Supabase authentication && reauthenticate

I’ve been having an issue where my Supbase authentication times out and the tokens are not refreshed (maybe?)

I found a routine called reauthenticate() and I call it when I am authenticated and it seems to do the trick

I don’t know.

Is it real, or is it Memorex ?

  const { isAuthenticated, reauthenticate } = useAuth()

  if (isAuthenticated) {
    reauthenticate()
  }

Several months ago @Danny and I audited all the auth providers for token refreshes, and we found Supabase to be ok (at least then).

Specifically this is because Supabase actively refreshes the token periodically after creating their session.

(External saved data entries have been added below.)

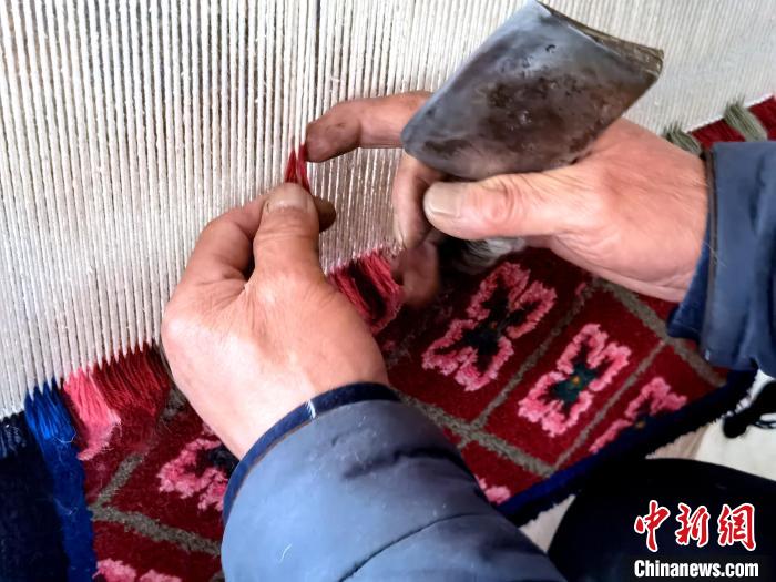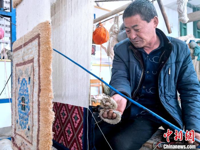 20日,記者在加牙藏族織毯傳習(xí)所里見到了國(guó)家級(jí)非物質(zhì)文化遺產(chǎn)加牙藏族織毯技藝的傳承人——59歲的楊永良。他正坐在織毯架前忙活著。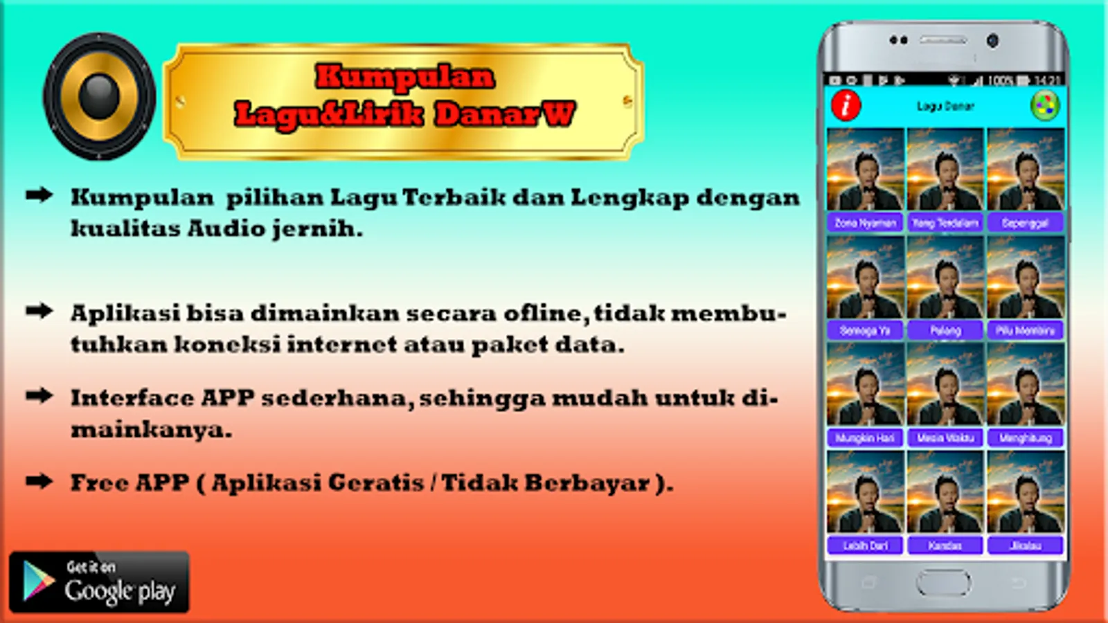 Including me as a fan of Danar, I want to give appreciation in an application, a collection of songs that have been sung by Danar.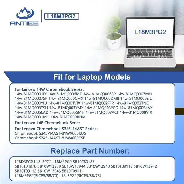 L18L3PG2 L18M3PG2 Laptop Battery Replacement for Lenovo 14E 14W Chromebook S345-14AST Series L18M3PG2 L18D3PG2 5B10T04978 5B10T04979 5B10T04980 5B10W13939 5B10W13940 11.52V 57Wh (Long Cable)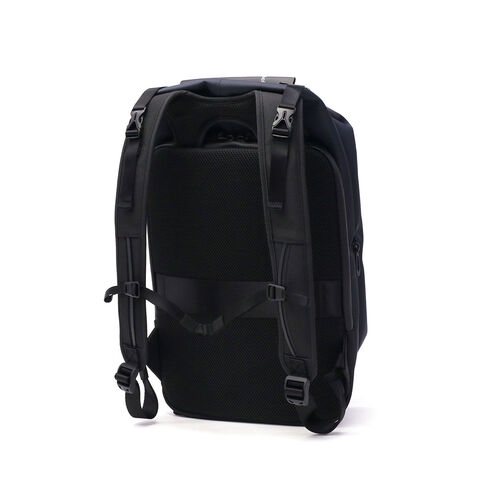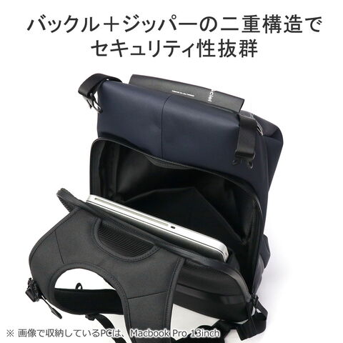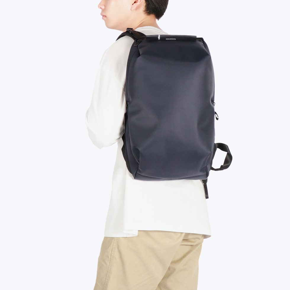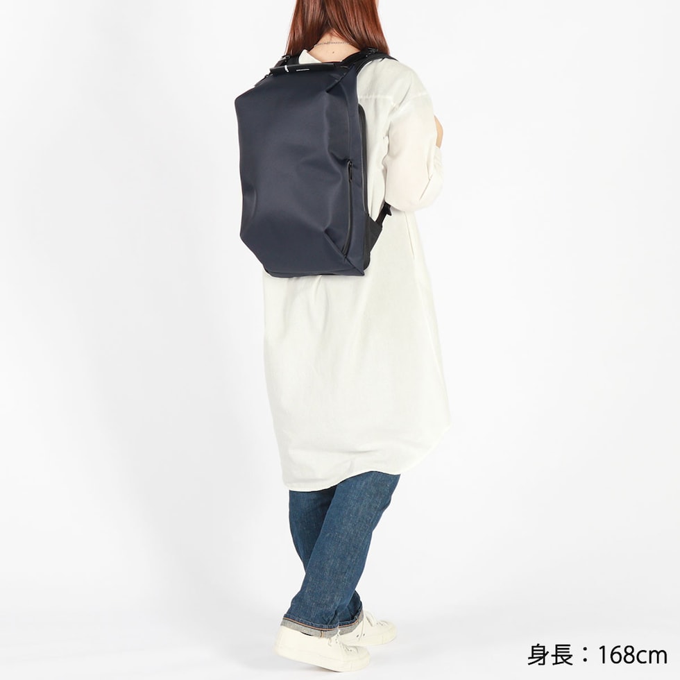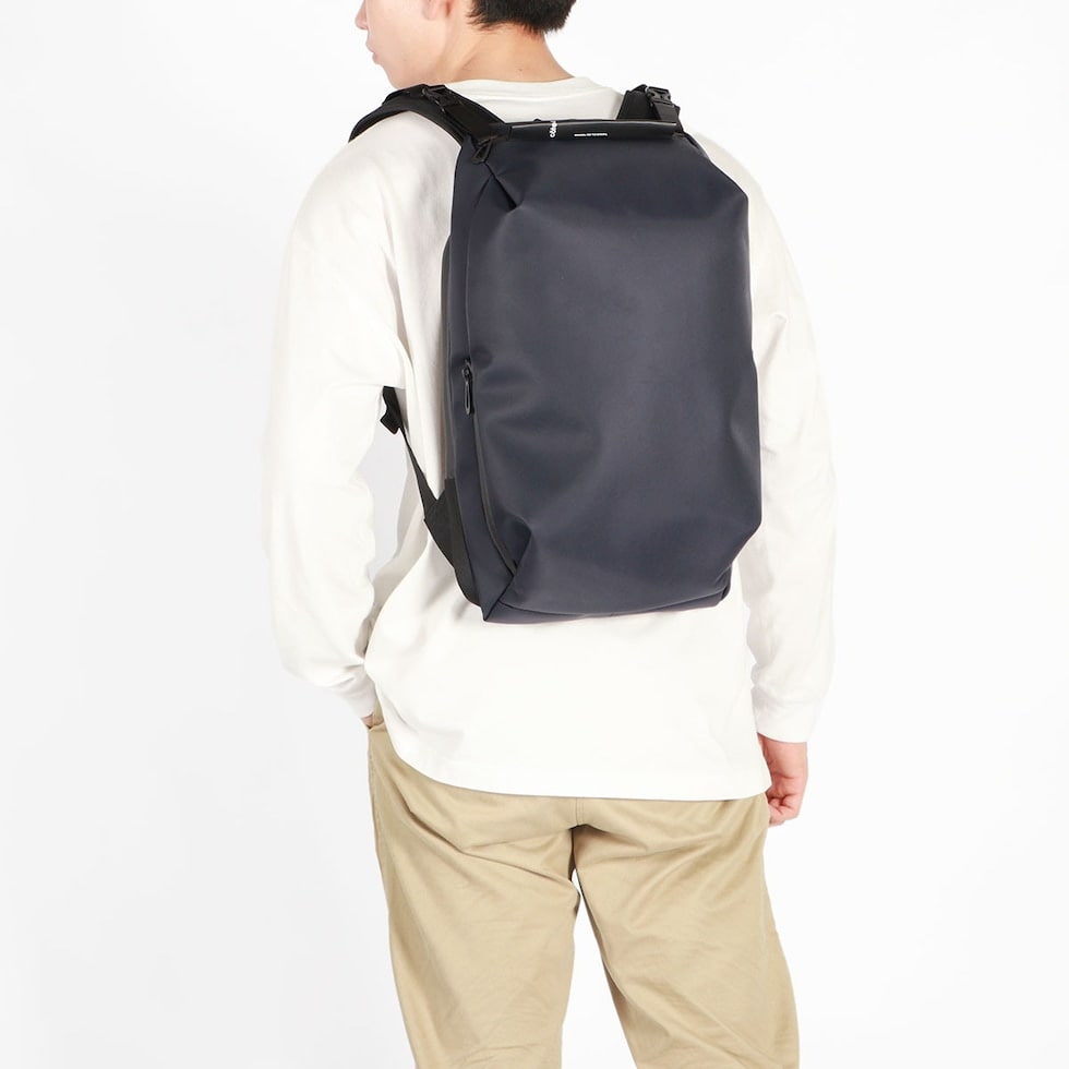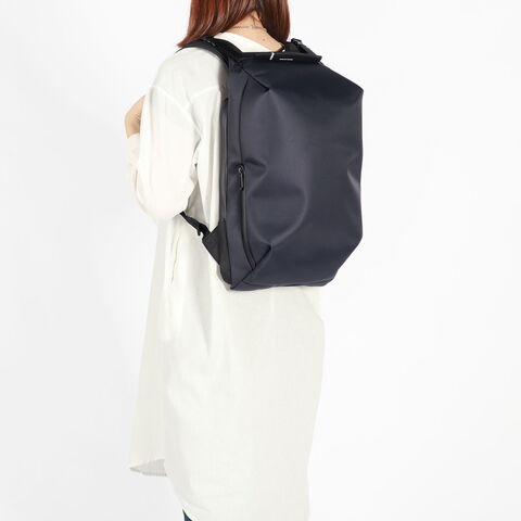シンメトリーのすっきりとしたシルエットを求める人のためのコンパクトなデイパックです。最大16インチのノートPCやA4書類も収納可能で、大きすぎず小さすぎない普段使いに最適なアイテムです。上部二つのバックルを開けることでメインルームにアクセスできる構造は、セキュリティ性を高め荷物の盗難を防ぐのに役立ちます。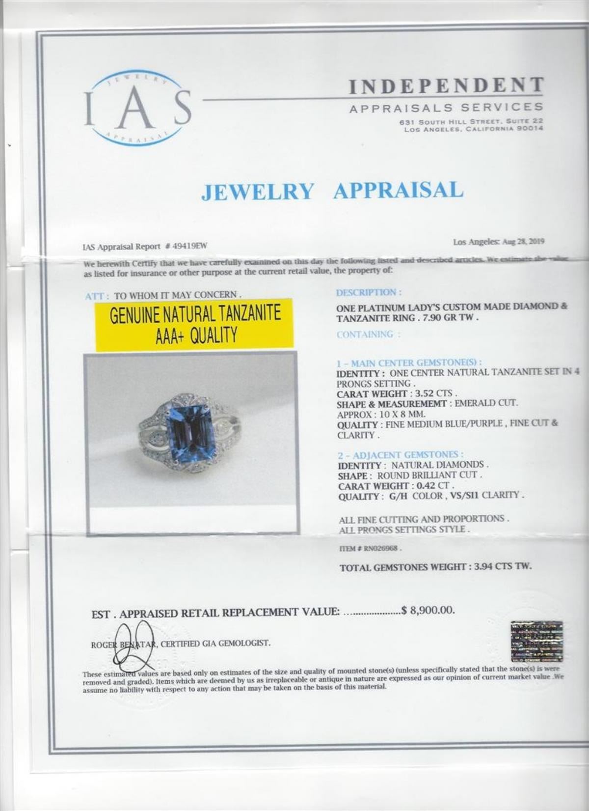 One 3.52ct Tanzanite and Diamond Ring - 14KT White Gold. IAS certified. See Appraisal for more details.

See: gotrue-js/GoTrueClient.ts at 797ea09b6188291861b5bed4a488cc74b6f95aaf · supabase/gotrue-js · GitHub

**
   * set currentSession and currentUser
   * process to _startAutoRefreshToken if possible
   */
  private _saveSession(session: Session) {
    this.currentSession = session
    this.currentUser = session.user

    const expiresAt = session.expires_at
    if (expiresAt) {
      const timeNow = Math.round(Date.now() / 1000)
      const expiresIn = expiresAt - timeNow
      const refreshDurationBeforeExpires = expiresIn > 60 ? 60 : 0.5
      this._startAutoRefreshToken((expiresIn - refreshDurationBeforeExpires) * 1000)
    }

Then in gotrue-js/GoTrueClient.ts at 797ea09b6188291861b5bed4a488cc74b6f95aaf · supabase/gotrue-js · GitHub

  /**
   * Clear and re-create refresh token timer
   * @param value time intervals in milliseconds
   */
  private _startAutoRefreshToken(value: number) {
    if (this.refreshTokenTimer) clearTimeout(this.refreshTokenTimer)
    if (value <= 0 || !this.autoRefreshToken) return

    this.refreshTokenTimer = setTimeout(() => this._callRefreshToken(), value)
    if (typeof this.refreshTokenTimer.unref === 'function') this.refreshTokenTimer.unref()
  }

So, they setup a timer to refresh the token just before it expires.

We also ensure the token is fresh whengettin to set in the GraphQL request made by a a cell.

And by default, the

autoRefreshToken: true,

If you can confirm you are really seeing timeouts, please write up an issue in GitHub here: Issues · redwoodjs/redwood · GitHub versus a topic forum as issues will be seen by the entire team to address whereas forums are more for the community in general.

1 Like

my problems happen when the app is not running, there’s no way the refresh could work.

I’m logged in at night and the next morning it fails in that odd way - login request, google icon, cycles & not logged in

agreed, if they are real issues – I hate to waste the teams time on something I usually find an answer to one way or another.